Anemia screening in potential female blood donors: comparison of two different quantitative methods

Anemia screening before blood donation requires an accurate, quick, practical, and easy method with minimal discomfort for the donors. The aim of this study was to compare the accuracy of two quantitative methods of anemia screening: the HemoCue 201(+) (Aktiebolaget Leo Diagnostics) hemoglobin (Hb) and microhematocrit (micro-Hct) tests. Two blood samples of a single fingerstick were obtained from 969 unselected potential female donors to determine the Hb by HemoCue 201(+) and micro-Hct using HemataSTAT II (Separation Technology, Inc.), in alternating order. From each participant, a venous blood sample was drawn and run in an automatic hematology analyzer (ABX Pentra 60, ABX Diagnostics). Considering results of ABX Pentra 60 as true values, the sensitivity and specificity of HemoCue 201(+) and micro-Hct as screening methods were compared, using a venous Hb level of 12.0 g per dL as cutoff for anemia. The sensitivities of the HemoCue 201(+) and HemataSTAT II in detecting anemia were 56 percent (95% confidence interval [CI], 46.1%-65.5%) and 39.5 percent (95% CI, 30.2%-49.3%), respectively (p < 0.001). Analyzing only candidates with a venous Hb level lower than 11.0 g per dL, the deferral rate was 100 percent by HemoCue 201(+) and 77 percent by HemataSTAT II. The specificities of the methods were 93.5 and 93.2 percent, respectively.
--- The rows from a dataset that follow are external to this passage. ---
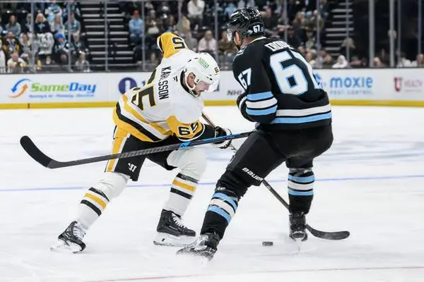 From in front of the home bench, Penguins forward Connor Dewar flipped the puck into Utah’s end boards. Former Penguins defenseman John Marino was a bit too casual in recovering the puck and allowed a forechecking Acciari to claim possession, then bank a pass off the right-wing boards to the near point for Karlsson. Holding the puck for a moment, Karlsson offloaded across the ice to Wotherspoon. Waiting for a lane to open, Wotherspoon directed a wrister to the far side of the net, which was denied by Vejmelka’s right leg. Acciari outbattled Schmidt for the rebound and mashed a forehand shot into a mostly vacant cage as he fell to his knees. Wotherspoon and Karlsson claimed assists.
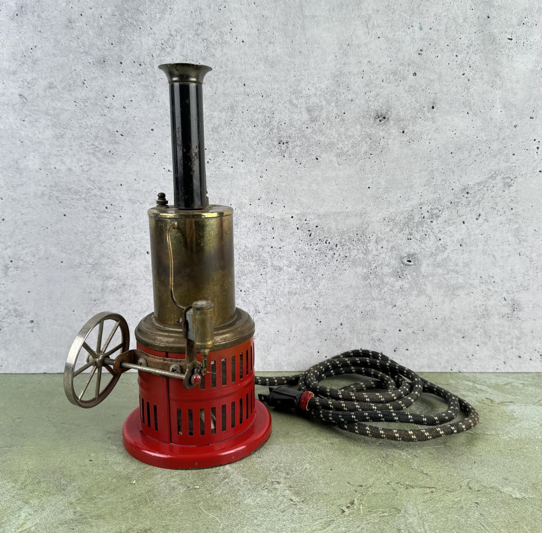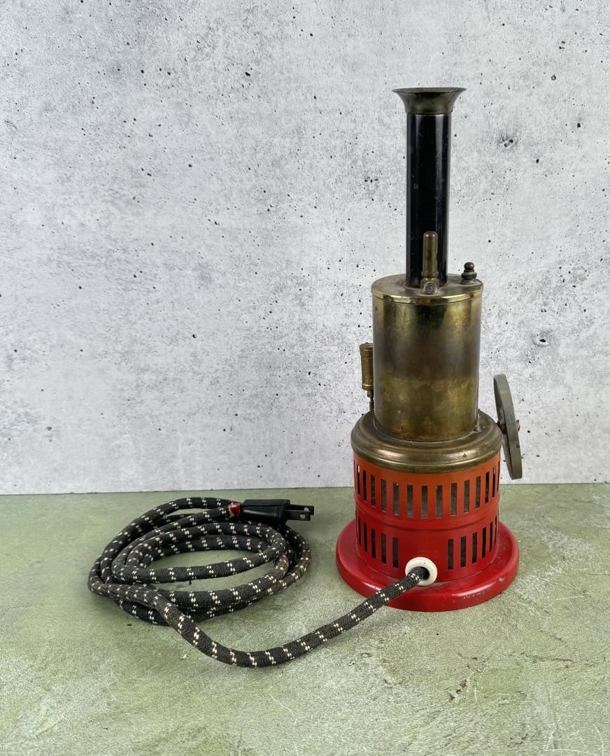 10 1/4" tall by 5 3/4" wide by 5 1/4" deep. Heats up when plugged in, untested with water.
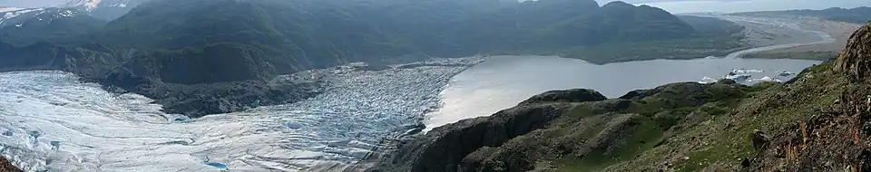The Tustumena Glacier is a glacier located on the Kenai Peninsula of Alaska. The Tustumena Glacier begins in the Harding Icefield and makes its way down west for about 20 miles (32 km) until its terminus roughly 5 miles (8.0 km) before Tustumena Lake. The glacier is retreating[1] due to global warming.
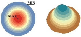 The surface has maximum value in the input point, decreases as the distance from the input point increases and has 0 values at distance
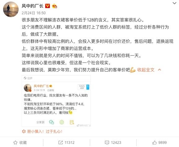 买裙子低于128的是“低价人群”?淘宝小二:背LV的也会买便宜衣服
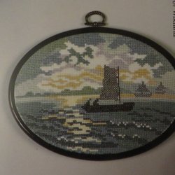 Komplett broderi, tavla med segelbåtar till havs
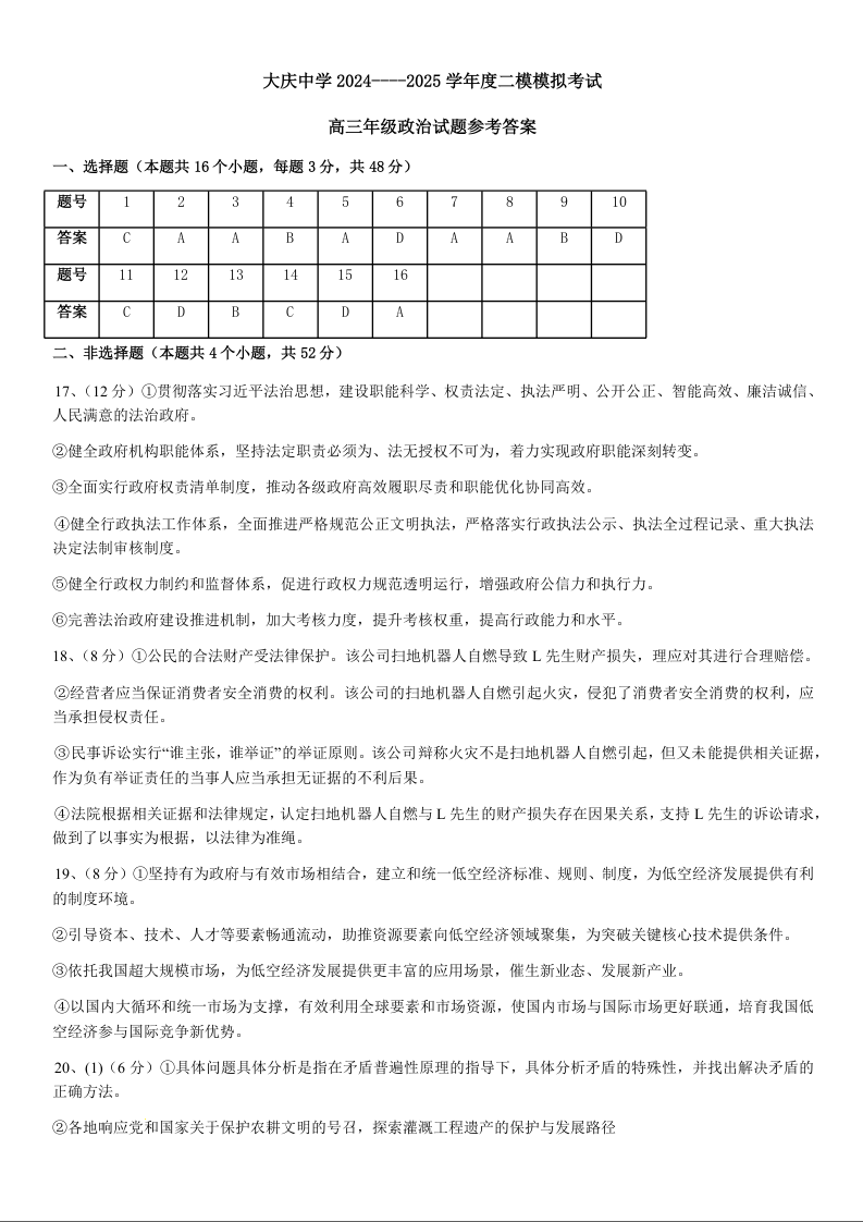 黑龙江省大庆中学2025届高三上学期第二次模拟考试政治答案
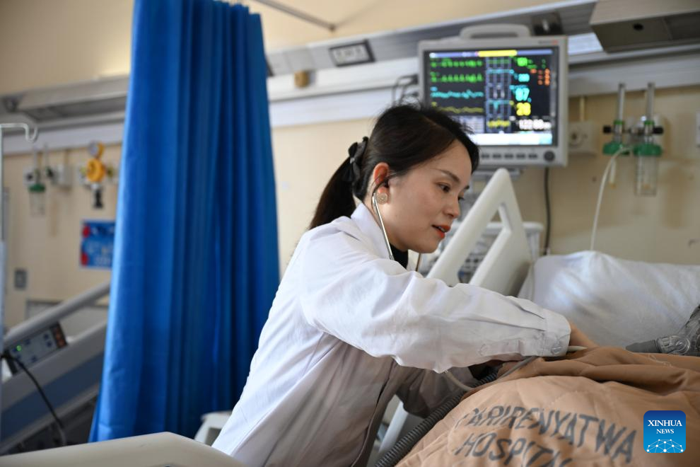 A doctor from the 22nd batch of the Chinese medical team to Zimbabwe examines a patient at a local hospital in Harare, Zimbabwe, June 10, 2025. (Xinhua/Xu Zheng)
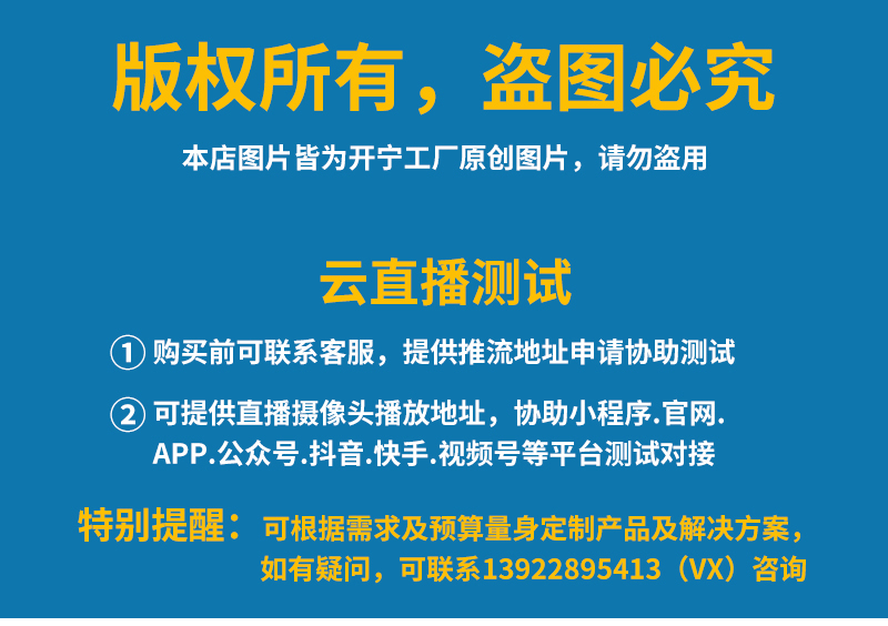 6、可接入網(wǎng)站.公眾號(hào).小程序.APP;可對(duì)接抖音.快手.視頻號(hào).淘寶.拼多多等平臺(tái);

The HemoCue 201(+) showed greater discriminating power for detecting anemia in prospective blood donors than the micro-Hct method. Both presented equivalent deferral error rates of nonanemic potential donors. Compared to the micro-Hct, HemoCue 201(+) reduces the risk of anemic female donors giving blood, specially for those with lower Hb levels, without increasing the deferral of nonanemic potential donors.